The Ramones film debut was in Roger Corman’s Rock ‘n’ Roll High School in 1979. Clearly, five years and the group had now gone Hollywood.

In 1980, out in Los Angeles, producer Phil Spector was chosen to create their End of the Century album. He slowed down some tunes. Got them a hit in England. During the recording in L.A., Spector held DeeDee Ramone at gunpoint, forcing him to play a riff rover and over and over. But Johnny Ramone knew the truth: Spector was just making a “watered-down Ramones. It’s not the real Ramones.”

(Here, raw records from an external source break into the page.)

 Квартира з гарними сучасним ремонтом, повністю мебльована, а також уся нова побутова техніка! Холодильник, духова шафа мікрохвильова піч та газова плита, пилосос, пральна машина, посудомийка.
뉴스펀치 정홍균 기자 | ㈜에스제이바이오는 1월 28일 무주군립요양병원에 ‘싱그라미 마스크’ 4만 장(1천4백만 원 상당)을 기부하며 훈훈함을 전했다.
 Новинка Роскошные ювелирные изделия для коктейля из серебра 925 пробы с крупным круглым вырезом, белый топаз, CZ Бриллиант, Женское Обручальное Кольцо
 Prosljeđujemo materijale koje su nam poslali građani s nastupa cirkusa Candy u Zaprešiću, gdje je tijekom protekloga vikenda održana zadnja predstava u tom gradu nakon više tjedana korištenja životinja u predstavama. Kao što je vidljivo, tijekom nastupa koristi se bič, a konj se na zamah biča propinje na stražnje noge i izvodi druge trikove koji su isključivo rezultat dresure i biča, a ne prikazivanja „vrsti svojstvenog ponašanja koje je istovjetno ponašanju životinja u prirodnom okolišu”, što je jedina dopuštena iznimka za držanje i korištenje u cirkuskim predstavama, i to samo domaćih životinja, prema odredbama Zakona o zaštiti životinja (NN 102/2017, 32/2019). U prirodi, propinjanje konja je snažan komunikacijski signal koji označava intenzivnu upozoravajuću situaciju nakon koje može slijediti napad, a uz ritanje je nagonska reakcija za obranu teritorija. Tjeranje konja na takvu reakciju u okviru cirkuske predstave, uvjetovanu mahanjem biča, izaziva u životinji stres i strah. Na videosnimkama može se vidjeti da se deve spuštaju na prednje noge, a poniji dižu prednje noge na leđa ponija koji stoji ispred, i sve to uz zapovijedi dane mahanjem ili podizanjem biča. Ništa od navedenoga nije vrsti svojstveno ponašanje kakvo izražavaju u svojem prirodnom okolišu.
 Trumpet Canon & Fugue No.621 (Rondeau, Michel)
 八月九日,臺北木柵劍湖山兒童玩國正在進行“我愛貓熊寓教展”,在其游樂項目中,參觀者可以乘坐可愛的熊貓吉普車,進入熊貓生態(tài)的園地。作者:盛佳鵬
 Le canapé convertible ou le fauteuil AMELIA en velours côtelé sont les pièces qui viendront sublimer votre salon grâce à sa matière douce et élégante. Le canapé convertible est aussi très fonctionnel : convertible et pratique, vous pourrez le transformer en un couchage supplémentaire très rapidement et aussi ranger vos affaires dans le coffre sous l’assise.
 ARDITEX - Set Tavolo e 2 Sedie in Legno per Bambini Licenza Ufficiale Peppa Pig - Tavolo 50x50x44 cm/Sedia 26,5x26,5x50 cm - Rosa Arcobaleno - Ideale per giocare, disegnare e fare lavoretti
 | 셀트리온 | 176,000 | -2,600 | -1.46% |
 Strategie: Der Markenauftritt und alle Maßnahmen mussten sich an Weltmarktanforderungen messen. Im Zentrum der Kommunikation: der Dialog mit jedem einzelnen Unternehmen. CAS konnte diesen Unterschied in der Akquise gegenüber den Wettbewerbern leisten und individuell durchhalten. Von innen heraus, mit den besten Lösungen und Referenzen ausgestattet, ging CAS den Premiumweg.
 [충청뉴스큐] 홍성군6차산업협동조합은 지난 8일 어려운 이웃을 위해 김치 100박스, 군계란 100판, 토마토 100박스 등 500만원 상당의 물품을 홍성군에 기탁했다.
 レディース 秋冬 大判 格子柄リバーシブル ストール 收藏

Slower songs had appeal, like “Danny Says.” But … for the harder stuff, it didn’t work as well.” American Hard Core had waned. It was futile, because the Ramones got little airplay on American radio. Record companies were just not used to selling soft punk. Period.

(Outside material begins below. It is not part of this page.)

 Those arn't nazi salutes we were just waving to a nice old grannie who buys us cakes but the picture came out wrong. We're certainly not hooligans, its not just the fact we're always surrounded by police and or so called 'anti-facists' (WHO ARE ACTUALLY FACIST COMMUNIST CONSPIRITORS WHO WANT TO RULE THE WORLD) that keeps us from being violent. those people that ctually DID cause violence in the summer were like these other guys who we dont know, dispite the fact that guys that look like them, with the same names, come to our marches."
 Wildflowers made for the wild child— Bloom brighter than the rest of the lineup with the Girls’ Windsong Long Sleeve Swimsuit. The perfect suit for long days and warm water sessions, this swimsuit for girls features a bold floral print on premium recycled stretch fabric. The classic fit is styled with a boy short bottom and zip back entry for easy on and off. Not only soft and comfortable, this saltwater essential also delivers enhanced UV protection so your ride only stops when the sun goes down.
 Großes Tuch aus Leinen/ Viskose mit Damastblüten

In the next few years, the Ramones got some of their rhythm back. Speed. Short songs. But now, the band made more money selling their T-shirts than they did albums – shirts running about $19.99.

After 15-plus years, Sire and the Ramones split. The Ramones remained odd. In 1993, they recorded voices and music for animated versions of themselves in The Simpsons episode, “Rosebud.” Other bands (once counted up to 48) have since cut tribute albums of Ramones’ albums.

It was loud while it lasted. Stunning, and then … gone.

But records from those first two years, they changed pop forever.

-- Stay Tuned

Where Are They Now:

Joey Ramone, the lead singer mainly. The tall one. Born Jeffry Hyman. Died in New York of lymphoma on April 15, 2001. A street sign in N.Y., at East Second Street near CBGB’s, names the Bowery corner Joey Ramone Place. About Joey, Green Day’s Billie Joe Armstrong was heard to say, “I can firmly say that rock ‘n’ roll will not be the same without Joey Ramone. He was rock ‘n’ roll coolness… And he barely moved a finger.”

Johnny Ramone, the lead guitar. Born John Cummings. In the 1980s, Johnny stole Joey’s girlfriend Linda, whom he later married. Died of prostate cancer in Los Angeles, September 15, 2004, age 55. A cenotaph for him was built in Hollywood Forever Cemetery, near the gravesite of former bandmate Dee Dee Ramone.

DeeDee Ramone, on bass. Born Douglas Colvin. Died of a heroine overdone in August, 2002, in his home in Hollywood. His widow, Vera King, wrote her recollections of this life in Poisoned Heart.

Marky Ramone, on drums. Born Marc Bell, joining the group from 1978 to 1996. When they disbanded in ’96, he moved from band to band, with little recognition and lots of mileage still to handle.

Seymour’s Sire deal with Warner Bros. Records. Part One went on for twenty years. Good years, until 1997, then Part Two from 2003 on. It would bring riches to Burbank, including Talking Heads, Madonna, Ice-T, Depeche Mode, Echo & the Bunnymen, The Pretenders, Seal, k.d.lang, Tommy Page, Ministry, and decades more.